Real estate prices remain a hot topic for Canadians, especially in the context of affordability and market stability. And with an average home sale price of $472,247, Canadians are no strangers to expensive housing. In one of their latest studies, researchers at Point2 Homes decided to delve deeper into the topic of high-end housing to see exactly how much luxury real estate was available on the market, and the implications to consumers.
By looking into the number of homes listed for sale priced $1 million and above, and comparing it to the overall offerings of Canada’s 50 largest cities, Point2 Homes calculated the luxury home concentration for each city, also known as the luxury ratio.
Hover your mouse over each bar to see where each city stands:
To nobody’s surprise, Vancouver is firmly entrenched as Canada’s ultimate leader in luxury real estate, with 76 per cent of all homes for sale listed for $1 million and above. Furthermore, the Greater Vancouver cities of Burnaby, Coquitlam and Richmond also rank among the nation’s top five markets, when it comes to the luxury home ratio. However, the Greater Toronto Area’s luxury market also shows its muscles, as Richmond Hill came second in our ranking, with 67 per cent of all listed homes sporting prices above the $1 million threshold.
Despite market stabilization, GTA luxury offerings still abound
While Toronto itself is only #13 on our list, with a 29 per cent luxury ratio, it’s important to bear in mind that the Toronto real estate market boasts an overall for-sale inventory of 6,232 properties, about three times that of Vancouver. At the same time, the two real estate giants have approximately the same number of luxury listings – circa 1,800 properties.
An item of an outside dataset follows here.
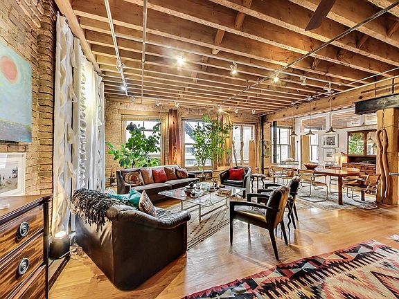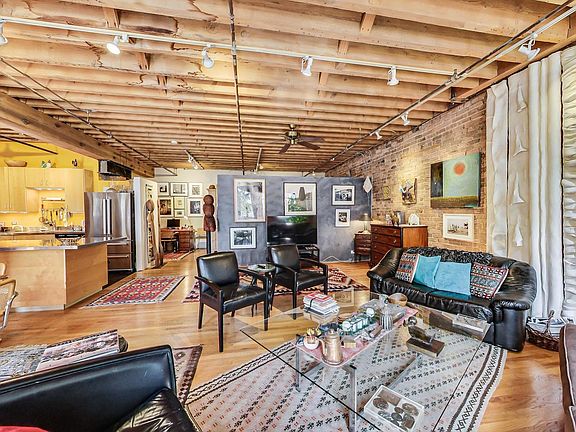 This art filled loft is in the Donohue Building where the loft experience began in Chicago in the late 70's. Big windows bring in sunshine in the mornings. There are genuine hardwood floors, massive wood columns, exposed timber ceilings and brick walls. The maple kitchen has (mostly) stainless steel appliances and countertops. The Bertazzoni refrigerator was installed in 2021. The GE electric range has a top broiler and a lower convection oven. There is also a GE microwave, wine cooler and a black fronted Kitchenaid dishwasher. The primary bath has a granite topped vanity with an undermount sink and lots of counter space. The tub/shower is fancifully tiled. The washer and dryer are hidden behind a rattan folding screen. The guest bath is located far from the action near the front door and has a shower stall. The long entrance gallery is perfect for extra storage and an art collection. The current owner even uses it as a study. The primary bedroom is currently being used as an art studio and office as well as a guest room. The second bedroom currently has a queen size bed (but has room for a king) and is tucked behind the vast living room/dining room/kitchen space. This is loft living that is both authentic to its roots, but still affords the privacy of separate bedrooms. Every possible inch of space is utilized for storage tucked in areas around the apartment. The seller is even willing to sell most of the artwork to the buyer who would like it left in place. It is terrific entertaining space on the premier block of Printers Row. For those who live on this special block of the city, there is no where else they'd rather be. It is in the center of the transportation hub of the metropolis. All of the CTA train lines have stops within 2 blocks of the building. There is a Red Line stop right outside on Polk. It's easy access to all of the highways from Ida B Wells Drive just 2 blocks north including easy access to Lake Shore Dr. Buses stop at the corner. The neighborhood is brimming with restaurants, bars & shops. It's an easy walk or roll to Grant Park, Buckingham Fountain, Millennium Park, the museums, theaters, universities, and all of the shopping and eating in the Loop. You can head south and be at the University of Chicago and its hospitals in minutes. Walk Score says it's a walker's and public transportation rider's paradise. The vaunted 2-way protected bike path that runs all the way through the Loop and over the river begins across the street from the front door. Pet limit of 2. The freight elevator is available by arrangement with maintenance staff; it isn't self-operated.Rentals allowed with minimum of a 6 month lease. No rental cap. $300 move fee and $200 refundable damage deposit. Reserve fund balance as of April 11, 2023: $1,478,695. No current or planned special assessments. Parking garages and a parking lot surround this building. The parking offered would be offsite and leased separately.

The province of Ontario itself is fruitful ground for luxury real estate, with 23 cities on our list, most notably Richmond Hill as the runner-up for highest concentration of luxury homes vs average-priced properties.
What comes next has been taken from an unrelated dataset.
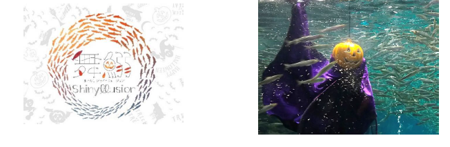 約2万匹のマイワシが、音楽に合わせて大水槽内を縦横無尽に群泳する「舞鰯シャイニーイリュージョン」のハロウィンバージョンでは、エサの入ったカボチャ型のバケツが出現し、マイワシの新たな群泳を生み出します。

The York Region’s Vaughan also ranks among the top 10, coming in eighth with 51 per cent of all listings above $1 million. Oakville and Markham came in sixth, both sporting a 54 per cent luxury ratio. Overall, the real estate markets of four cities in the 905 are more than 50 per cent composed of luxury listings. The GTA’s Burlington, Mississauga, Milton, and Whitby are also among Canada’s top 20 cities in terms of luxury home ratios, and are joined by Hamilton as well.
Although Vancouver also maintains a leading position in the uber-luxury category of homes priced $5 million and above, the runner-up, Toronto, remains a competitor to contend with – although the GTA’s recent real estate slump might change future outlooks.
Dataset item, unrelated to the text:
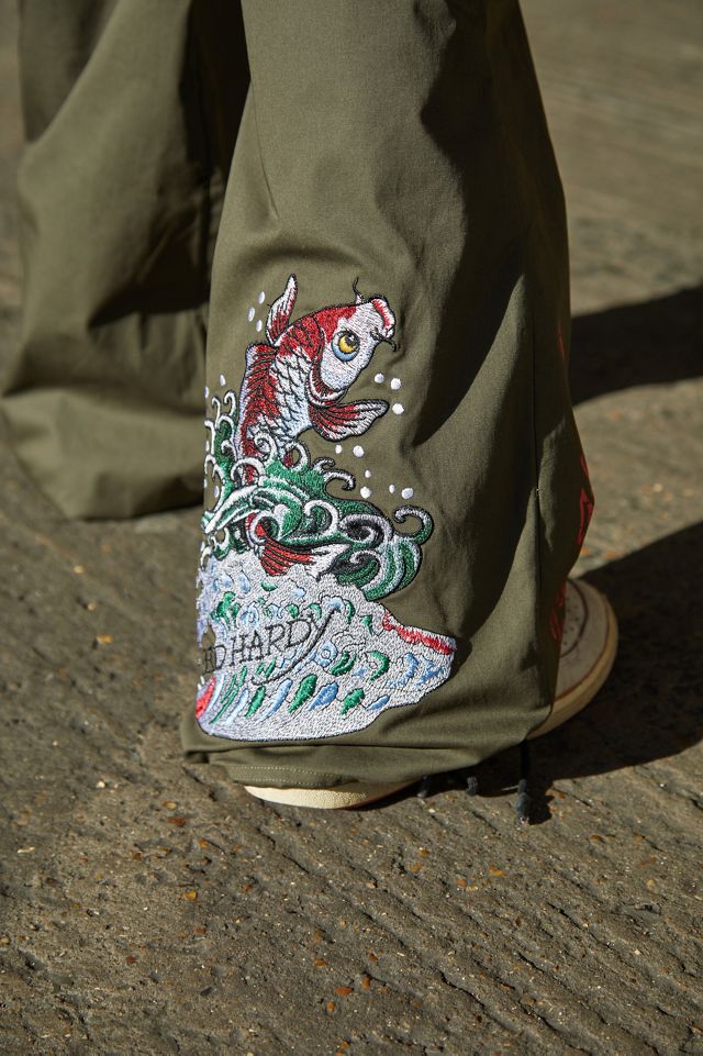 Cargohose im Utility-Stil von Ed Hardy. Ein exklusives Design im Archive-Stil. Das Modell wurde aus robuster Wolle gefertigt und verfügt über ein Logo und eine Tattoo-Grafik. Dehnbarer Bund mit verstellbarem Knebelverschluss sowie Seitentaschen, Taschen im Cargo-Stil und eng anliegende, verstellbare Bündchen. Nur bei UO erhältlich.

Similarly to the luxury ratio, we calculated the uber-luxury ratio by tallying the number of properties priced $5 million and above and comparing it to the overall supply in Canada’s largest cities. Only 23 of the country’s most significant cities offer homes at this price point. You can hover your cursor above the chart below to see the exact numbers.
GTA challenges Vancouver in ultra-luxury category
With 11 per cent of all Vancouver homes for sale listed for over $5 million, the west coast powerhouse easily ranks as the most expensive city in Canada. In fact, most countrywide rankings of the top-most expensive homes tend to be dominated by Vancouver listings or properties from cities in the surrounding area, like Langley. This British Columbia city ranks second nationwide, with 2.2 per cent of all active listings being uber-luxury homes.
However, looking at sheer property numbers, it becomes obvious that Toronto is the true uber-luxury runner up, despite having a ratio of only 1.5 per cent. Overall, the Toronto luxury real estate market currently boasts 94 properties above the uber-luxury threshold, surpassed only by Vancouver with 214 properties.
Greater Toronto also took Greater Vancouver on – while the latter features five municipalities in our top 20 uber-luxury ranking, the GTA boasts eight in the form of Toronto, Richmond Hill, Oakville, Vaughan, Milton, Burlington, Markham and Mississauga.